Provided records
--------

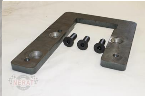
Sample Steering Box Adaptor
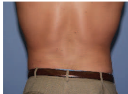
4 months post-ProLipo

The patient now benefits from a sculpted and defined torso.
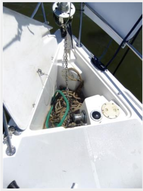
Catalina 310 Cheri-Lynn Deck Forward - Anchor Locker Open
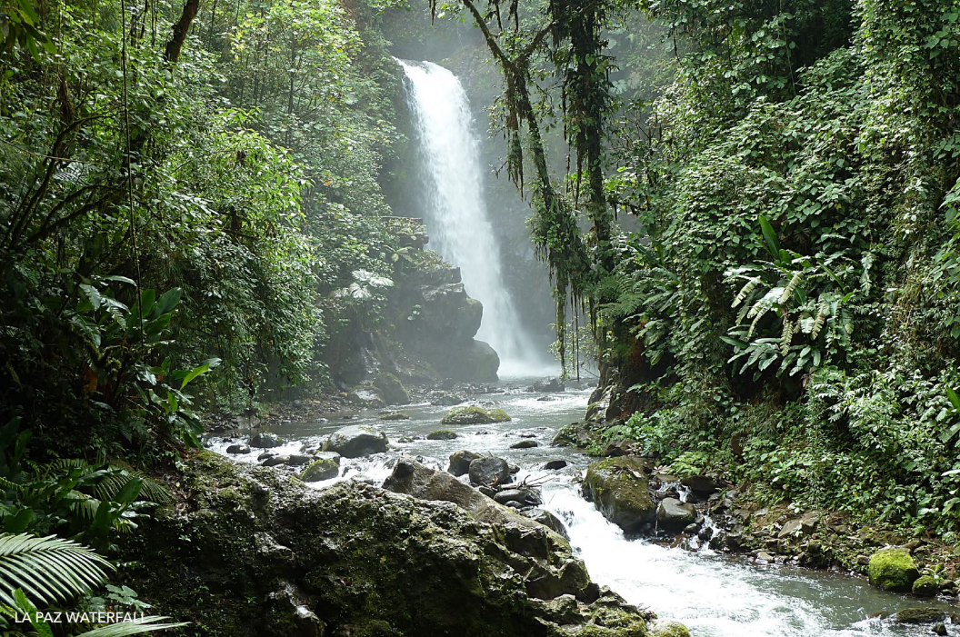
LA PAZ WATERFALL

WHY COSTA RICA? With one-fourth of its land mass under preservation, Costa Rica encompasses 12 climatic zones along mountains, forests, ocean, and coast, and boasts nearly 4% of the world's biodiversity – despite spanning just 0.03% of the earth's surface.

--------

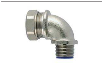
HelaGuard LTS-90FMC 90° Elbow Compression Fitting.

--------

About this exercise
The required answer is the exact run of lines above starting at the line with "LA PAZ WATERFALL" and ending at the line with "WHY COSTA RICA?", with both ends present.

Output for this task
LA PAZ WATERFALL

WHY COSTA RICA? With one-fourth of its land mass under preservation, Costa Rica encompasses 12 climatic zones along mountains, forests, ocean, and coast, and boasts nearly 4% of the world's biodiversity – despite spanning just 0.03% of the earth's surface.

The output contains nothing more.